We want to use docker-compose exec to run some commands on already existing containers, but cookiecutter-django exports DATABASE_URL in entrypoint.sh. This is fine when running Django management commands with docker-compose run, but it will error when doing it with docker-compose exec, because it won't be able to find the DATABASE_URL environment variable. The reason we set it on production.yml is that we can do variable substitution here, using variables from the .env file. I couldn't find a way of reusing variables like this in the .env file. We may also want to set REDIS_URL in our .env file, as this is another variable that is set in entrypoint.sh.

For the bash scripts we're going to need the AWS Command Line Interface, so head over there and grab the latest version!

aws-script-config.sh

#CONFIGURATION
#LOAD_BALANCER_ARN - ARN of your load balancer
#LABEL - Label to identify this project
#MACHINE_PREFIX - Prefix name to use for Docker machines
GREEN='\033[0;32m'
NO_COLOR='\033[0m'
LOAD_BALANCER_ARN=
LABEL=project=yourproject
MACHINE_PREFIX=yourproject-prod-


ACTIVE_TARGET_GROUP=$(aws elbv2 describe-target-groups --load-balancer-arn $LOAD_BALANCER_ARN --query TargetGroups[].TargetGroupArn | grep arn | cut -f2 -d\") #"
INACTIVE_TARGET_GROUP=$(aws elbv2 describe-target-groups --query TargetGroups[].TargetGroupArn | grep arn | grep -v $ACTIVE_TARGET_GROUP | cut -f2 -d\") #"

function launch_machine {
    NEW_MACHINE_NAME=$MACHINE_PREFIX$(openssl rand -hex 4)
    echo -e "${GREEN}Launching $NEW_MACHINE_NAME${NO_COLOR}"
    docker-machine create -d amazonec2 --engine-label $LABEL $NEW_MACHINE_NAME
    eval $(docker-machine env $NEW_MACHINE_NAME)
    docker-compose -f production.yml up  --build -d
}

function register_machines {
    echo -e "${GREEN}Registering $NEW_TARGET${NO_COLOR}"
    aws elbv2 register-targets --target-group-arn $ACTIVE_TARGET_GROUP --targets $NEW_TARGET
}

function remove_machines {
    echo -e "${GREEN}Removing $OLD_RUNNING_MACHINES${NO_COLOR}"
    docker-machine rm $OLD_RUNNING_MACHINES
}

function switch_target_groups {
    LISTENERS=($(aws elbv2 describe-listeners --load-balancer-arn $LOAD_BALANCER_ARN --query Listeners[].ListenerArn | grep arn | cut -f2 -d\" | tr "\n" " "))#"

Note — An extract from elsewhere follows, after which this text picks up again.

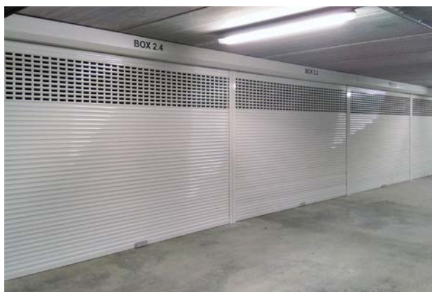
Type volets roulants

    for listener in "${LISTENERS[@]}"
    do
        aws elbv2 modify-listener --listener-arn $listener --default-actions Type=forward,TargetGroupArn=$INACTIVE_TARGET_GROUP
    done
}

This script contains some configuration variables and some common functions between scripts. We need to set up the LOAD_BALANCER_ARN, LABEL, and MACHINE_PREFIX variables. MACHINE_PREFIX is the prefix we're going to use for our docker machines, and LABEL is an identifier we use to filter docker machines. All of our scripts will source this script.

add-machine.sh

#!/bin/bash
#This script build and registers a single new machine on AWS.

set -o errexit
set -o pipefail
set -o nounset

source aws-script-config.sh

launch_machine
NEW_TARGET=$(docker-machine inspect $NEW_MACHINE_NAME | grep InstanceId | cut -f4 -d\" | awk '{print " Id=" $0}')#"
register_machines

This script will launch a new Docker machine and register it with our Elastic Load Balancer's active target group.

remove-machine.sh

#!/bin/bash

#This script currently removes the first machine it sees.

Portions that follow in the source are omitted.